Gianluca Masi, head of the Virtual Telescope Project
Blue Moons are understood to be relatively rare, occurring on average only once every 2.5 years.
But a Halloween Full Moon is all the more special, as such a serendipitious event has not happened since 1944, according to the Farmers’ Almanac.
To put this into proper perspective, such a hair-raising Halloween event will not happen again until 2039.
How to watch the Halloween Blue Moon live online tonight:
Italy’s Virtual Telescope Project, had helpfully arranged for the public to watch the Halloween spectacle without needing to leaving home.
Astrophysicist Gianluca Masi, head of the Virtual Telescope Project, said in a statement: “October 31 will bring us a so-called Blue Moon.
“[This is] nothing to do with the colour of the Moon, of course, it is just ‘an additional’ one.
“For sure, it will put on its usual great show and we will share the Moon rising above the skyline of Rome.
“It will be an unforgettable experience. Enjoy the 2020 Blue Moon with us!”
All that is required to catch this usual lunar event is an Internet-enabled computer, tablet or smartphone.
The free online session is scheduled October 31, 2020, starting at 4.30pm GMT at https://www.virtualtelescope.eu/webtv/.
Alternatively, you can simply watch all the action in the embedded Virtual Telescope Project stream found HERE
How do Blue Moons earn their strange names?
The current definition of Blue Moon” is actually a little more complicated the original one.
The term used to refer to the third Full Moon in a single season, such as winter, spring, summer or autumn.
Such seasons usually sport four Full Moons instead of the usual trio.
This definition was famous first laid-out by the Maine Farmers’ Almanac in the 1930s.
However, expert astronomy website Sky & Telescope has explained how this term has now been superseded.
They wrote ”[But] in 1946, amateur astronomer and frequent contributor to Sky & Telescope James Hugh Pruett (1886–1955) incorrectly interpreted the Almanac’s description, and the second-full-moon-in-one-month usage was born.”
And as already touched upon, these Blue Moons are totally unrelated with the lunar orb’s colour at this time.
The Moon can admittedly sometimes appear with ever-so slightly bluish tinge.
This is in part due to to the scattering of light by dust or smoke particles in our planet’s atmosphere.
But such effects are in no way related to the Moon’s phases in any way.
Why is this Saturday’s Blue Moon also called a Hunter’s Moon?
This weekend’s Full Moon also goes by another intriguing name.
Some people also call this Halloween’s Full Moon a Hunter’s Moon.
This is the traditional name for the First Full Moon after the Harvest Moon.
The Harvest Moon is the celestial event falling closest to the Northern Hemisphere autumnal equinox, which occurred on September 22.
In 2020, that cosmic distinction went to the Full Moon of October 1.
And if this was not enough, the 2020 Halloween Full Moon also qualifies as a ‘micro-moon’ – also known as a ‘mini-moon’.

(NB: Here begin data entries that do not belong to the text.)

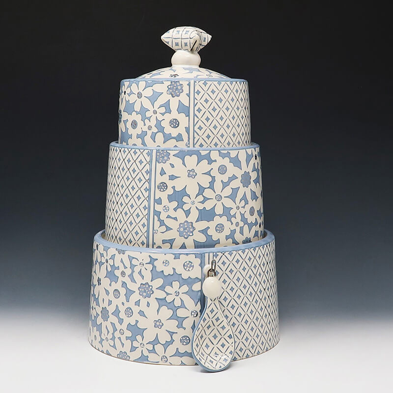 The work I create is intended to convey purpose and evoke curiosity and interest through patterns and form. I take inspiration from design elements found in everyday life, such as textiles patterns or beautifully decorated homes. I then consider how I can incorporate visual beauty into my work by adding texture, colored slips, and handmade templates to graceful forms. I view the surface of my pots as a blank canvas. My influences and inspiration largely come from the places I travel to, historic patterns, and bold patterns from decades past. Growing up on a farm in Wyoming, my childhood memories of expansive fields of flowing grain and colorful flowers in my grandmother’s gardens greatly shape my surface patterns and color palette.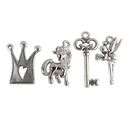 Piękny zestaw ozdobnych zawieszek VBS wykonany z metalu do tworzenia kreatywnych łańcuchów lub bransoletek. Składa się z czterech zawieszek w kolorze srebrnym. Różne bajkowe motywy można doskonale ze sobą łączyć.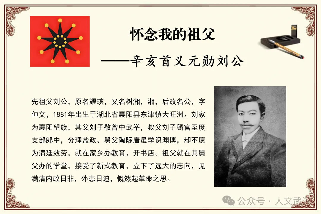 3月21日星期日是一个阳光明媚的好日子。人文武汉团队组织,在武昌红巷“江城印象”民俗博物馆辛亥革命志士后裔的系列讲座,由辛亥革命元勋刘公的孙女、武汉辛亥首义研究会首届会长刘重喜以《怀念我的祖父——辛亥首义元勋刘公》为题,讲述其爷爷刘公的生平事迹。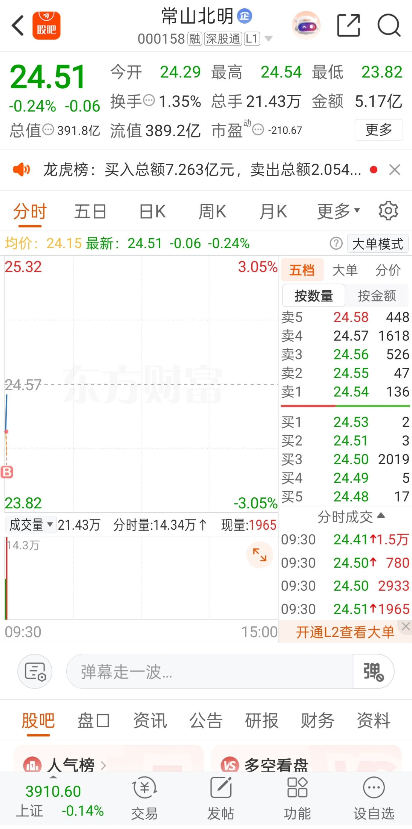 开盘选择水下介入个股$常山北明(SZ000158)$ 期待你的表现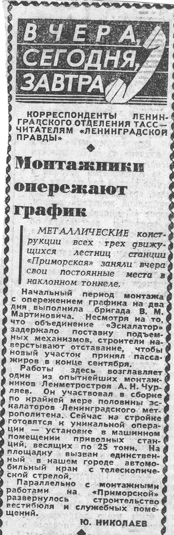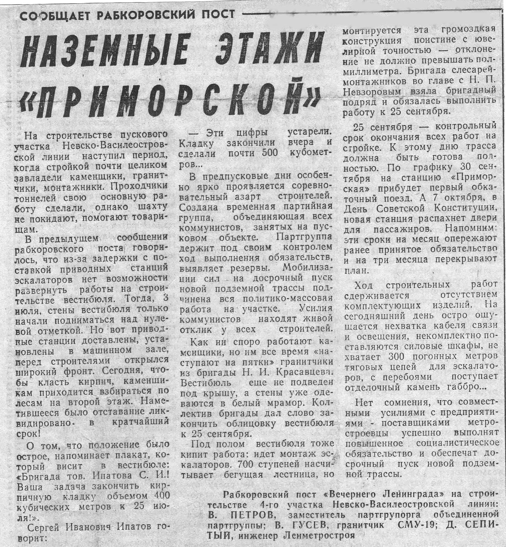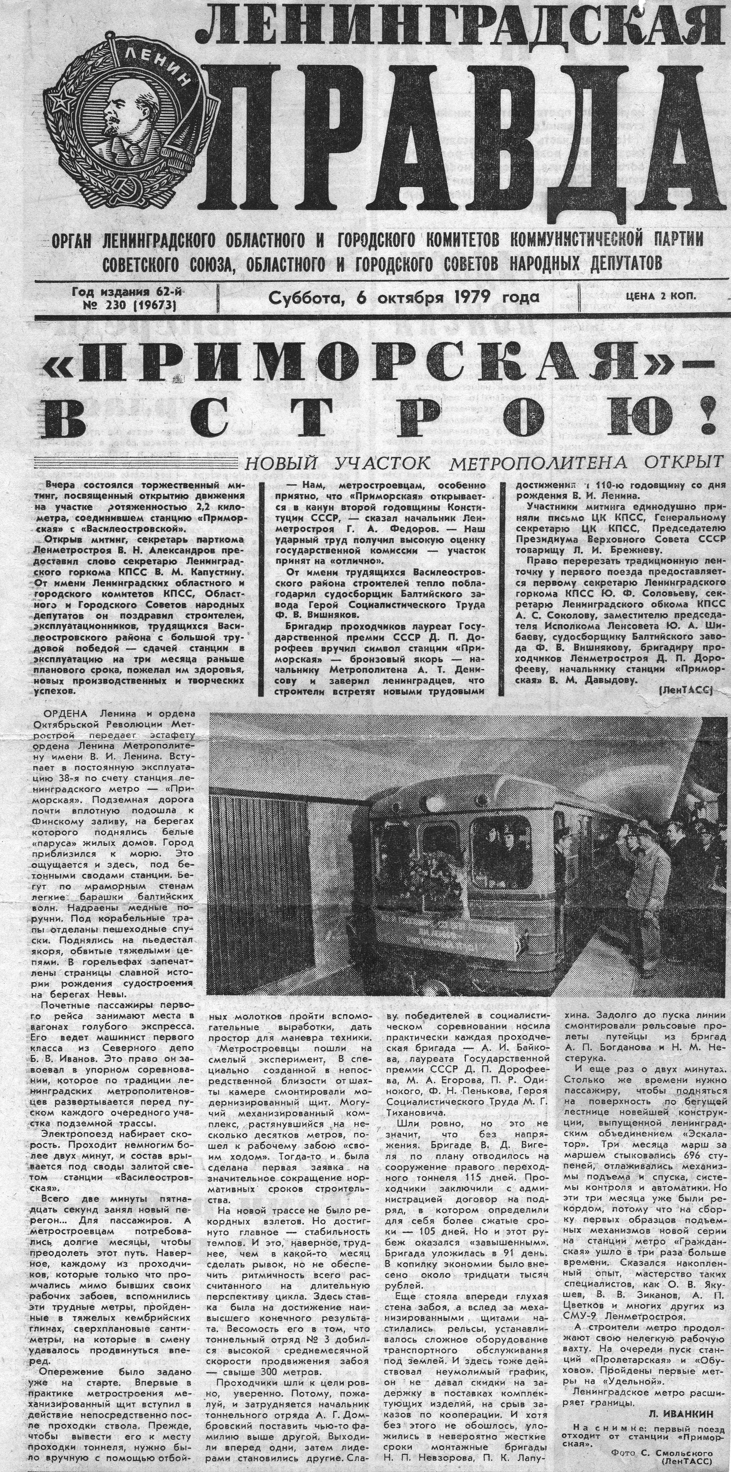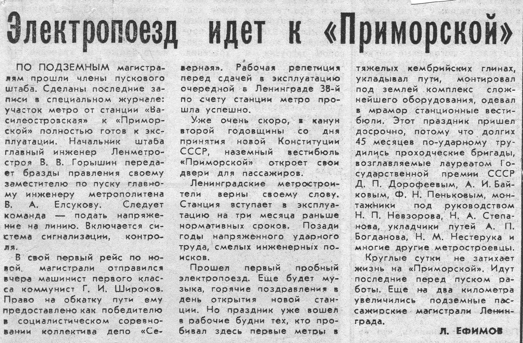 газета "Ленинградская правда" 78-79гг. о строительстве Приморской.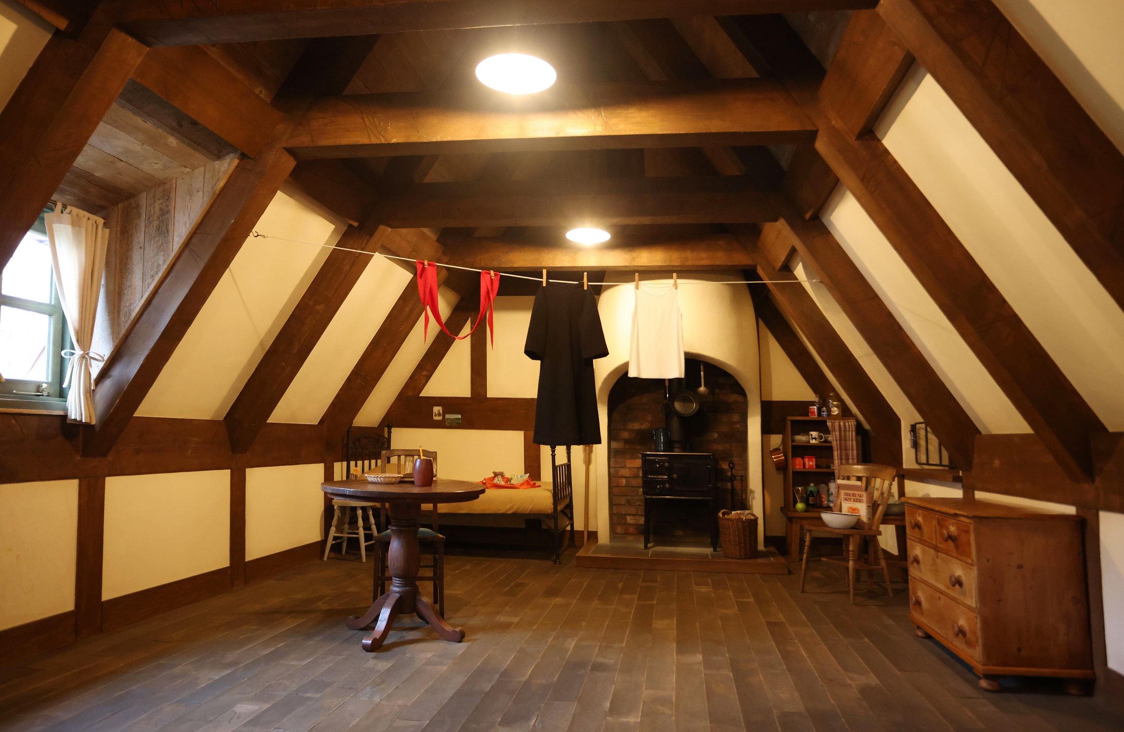 ▲部屋の中にはベッドやキッチンストーブなどまさに作品の中にはいり込んだような光景が。雨の日は室内にキキのワンピースが干されていることも。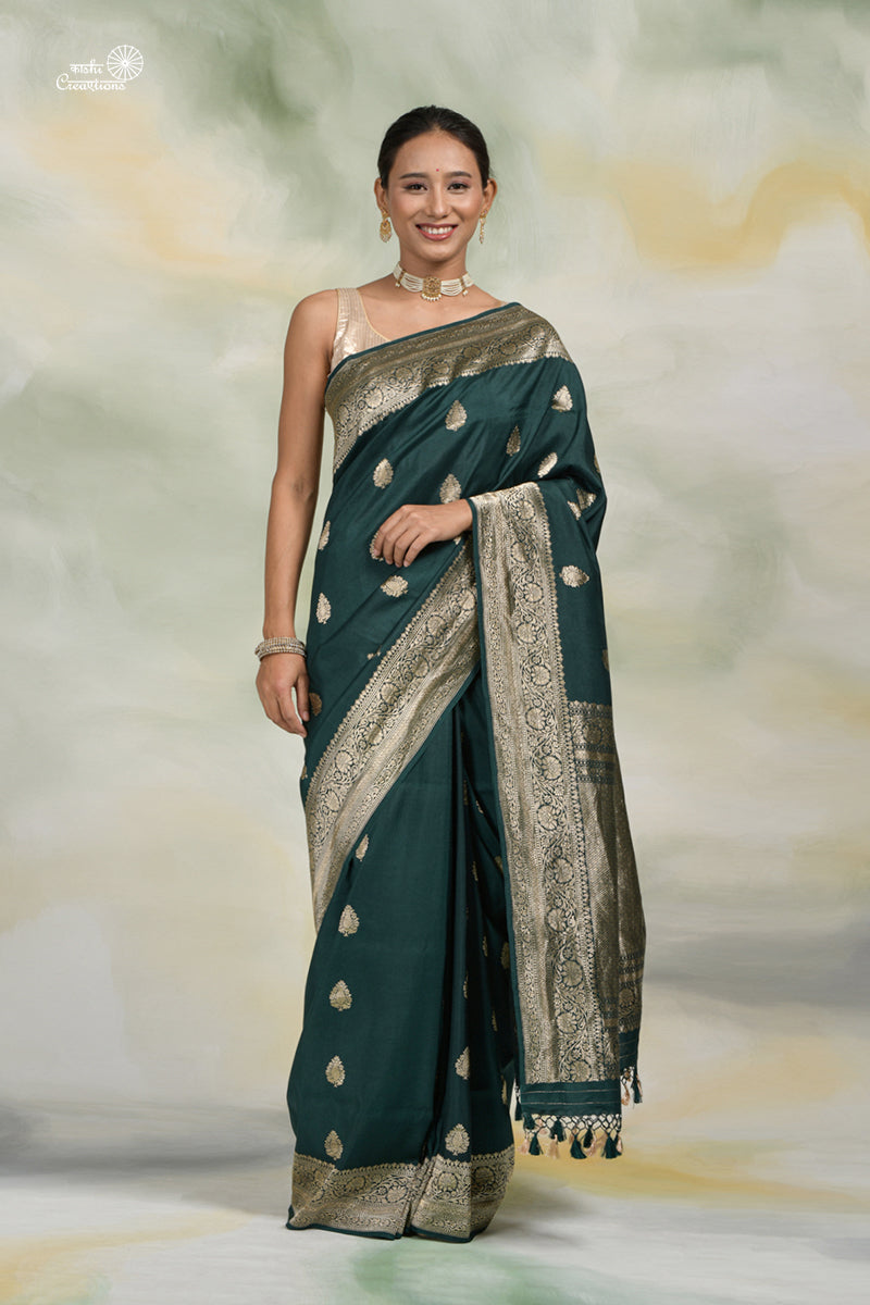 Bottle Greeen Pure Katan Silk Handloom Banarasi Saree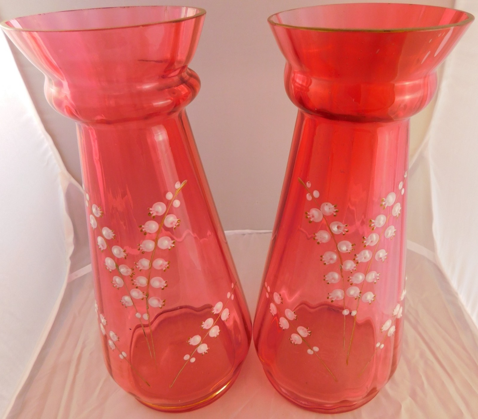 Pair of Cranberry Vases Decorated with Lily of the Valley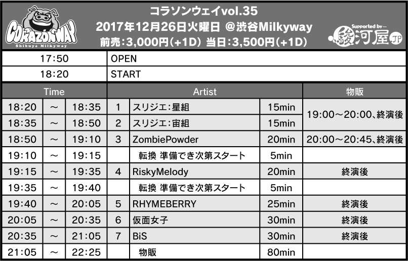 12月26日(火)『コラソンウェイ vol.35 Supported by 駿河屋』タイムテーブル発表
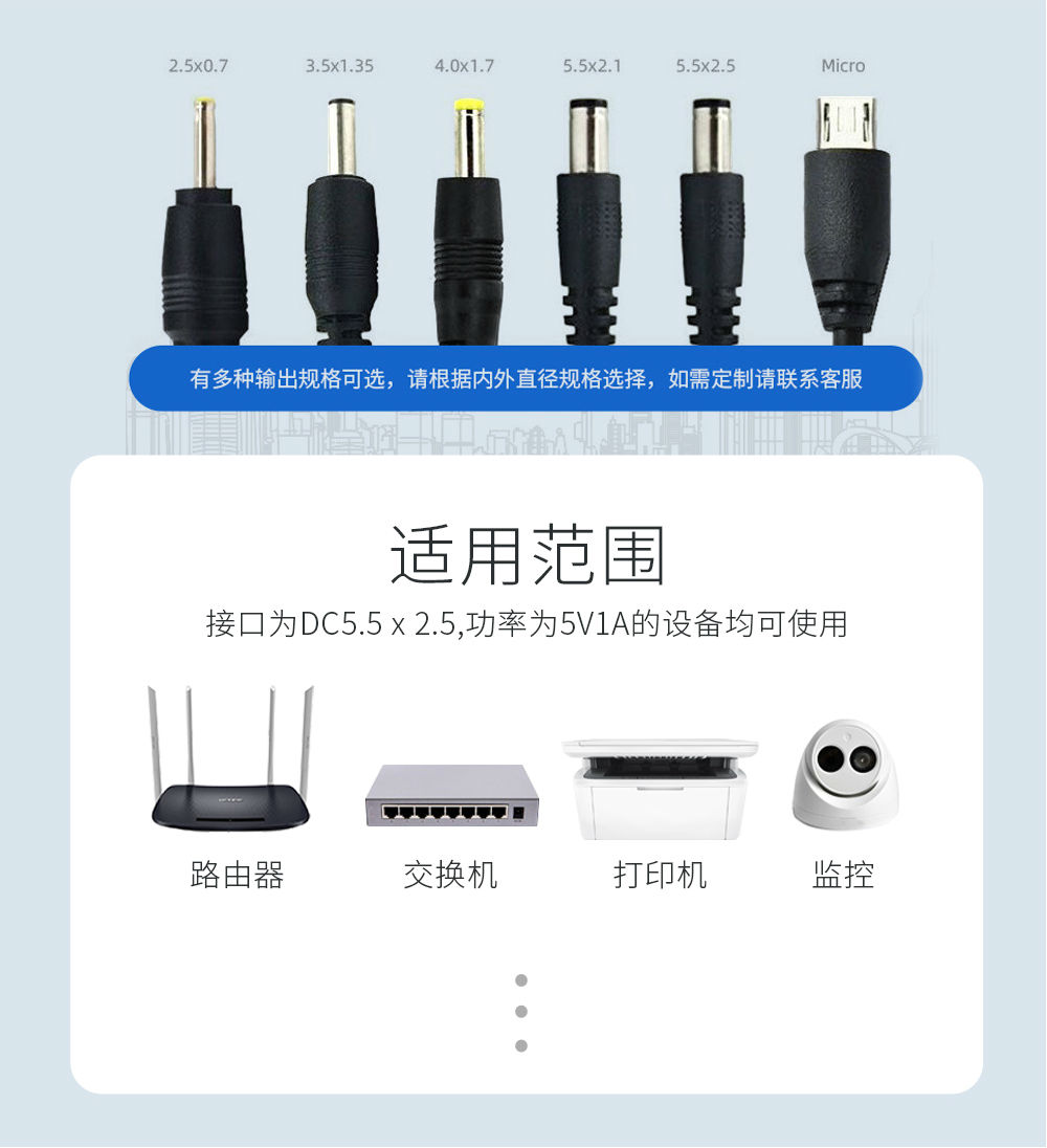 适用于小台灯、电动牙刷、香水机 、洗头器、刮胡刀、洗脸仪、美容仪、眼罩、香熏机、加湿器、灭蚊灯、美甲器、洁面机、VR(3D眼镜)、植物生长灯等IT设备。

This is because it will occur when Earth’s natural satellite is almost at its farthest point from our planet in its elliptical orbit.
As an example, on Friday, October 30, the Moon will be 252,522 miles (406,39km) distant.
This is significantly farther than its average distance of approximately 238,900 miles (384,500km).
However, amateur astronomers will most likely be unable notice the difference.